### Recorded information
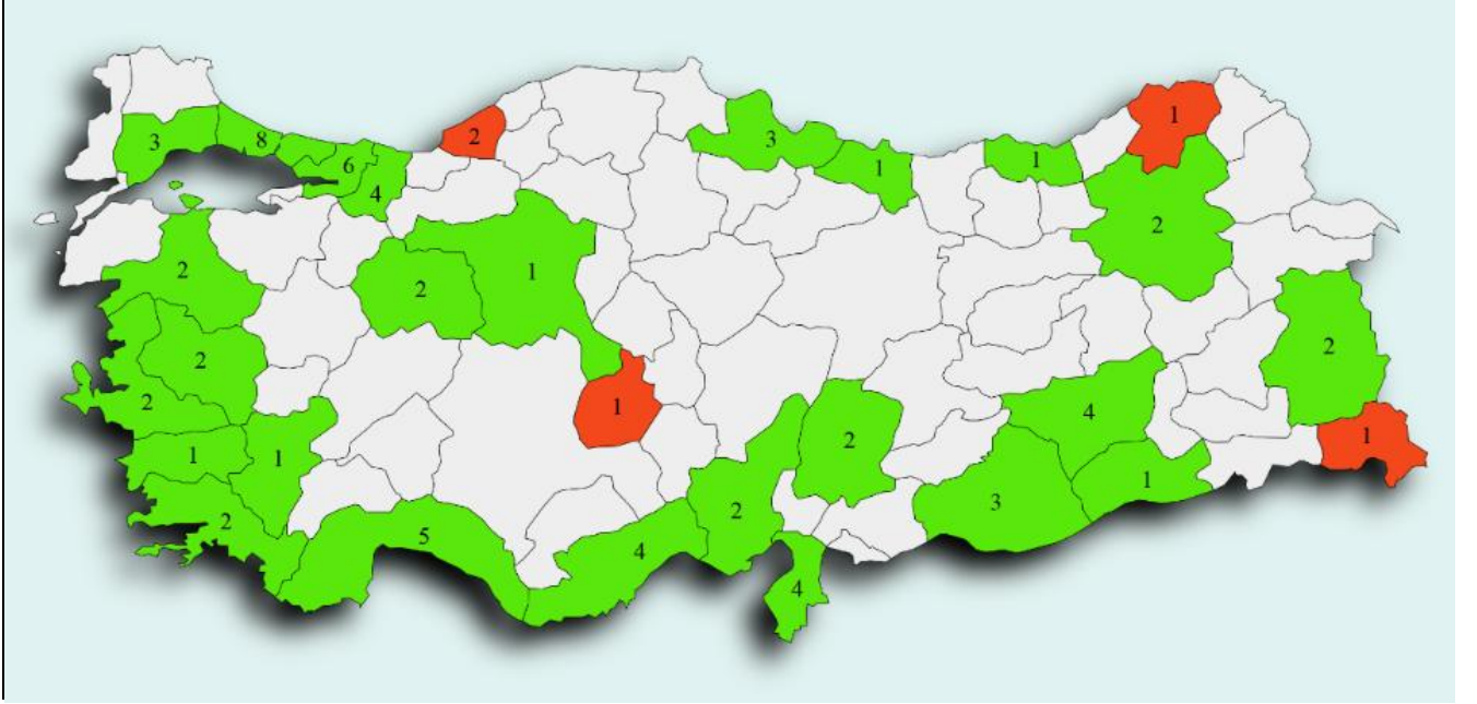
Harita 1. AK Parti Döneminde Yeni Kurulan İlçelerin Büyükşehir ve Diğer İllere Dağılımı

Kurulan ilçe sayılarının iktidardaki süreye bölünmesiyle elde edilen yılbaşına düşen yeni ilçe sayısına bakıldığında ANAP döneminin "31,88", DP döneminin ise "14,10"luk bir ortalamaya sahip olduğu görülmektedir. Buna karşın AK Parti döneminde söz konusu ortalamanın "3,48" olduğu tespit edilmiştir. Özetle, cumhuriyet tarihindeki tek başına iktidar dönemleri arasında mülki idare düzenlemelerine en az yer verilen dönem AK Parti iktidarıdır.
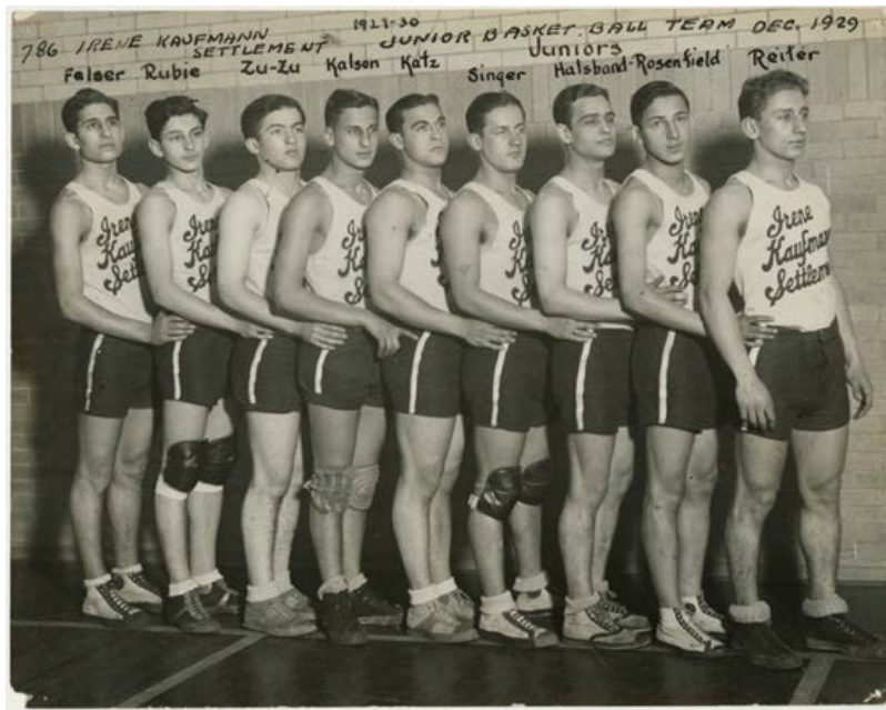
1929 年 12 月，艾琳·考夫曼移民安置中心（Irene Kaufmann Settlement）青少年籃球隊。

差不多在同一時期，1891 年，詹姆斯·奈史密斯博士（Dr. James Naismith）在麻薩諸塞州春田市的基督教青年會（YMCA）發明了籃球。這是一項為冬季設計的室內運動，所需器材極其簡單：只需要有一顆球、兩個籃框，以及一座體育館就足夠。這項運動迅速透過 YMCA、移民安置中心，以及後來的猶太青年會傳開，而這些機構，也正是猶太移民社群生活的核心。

### Directions for this task
Up to the line containing "1929 年 12 月，艾琳·考夫曼移民安置中心（Irene", skip everything; from that line through the last line above, return each line exactly.

### Answer for the task
1929 年 12 月，艾琳·考夫曼移民安置中心（Irene Kaufmann Settlement）青少年籃球隊。

差不多在同一時期，1891 年，詹姆斯·奈史密斯博士（Dr. James Naismith）在麻薩諸塞州春田市的基督教青年會（YMCA）發明了籃球。這是一項為冬季設計的室內運動，所需器材極其簡單：只需要有一顆球、兩個籃框，以及一座體育館就足夠。這項運動迅速透過 YMCA、移民安置中心，以及後來的猶太青年會傳開，而這些機構，也正是猶太移民社群生活的核心。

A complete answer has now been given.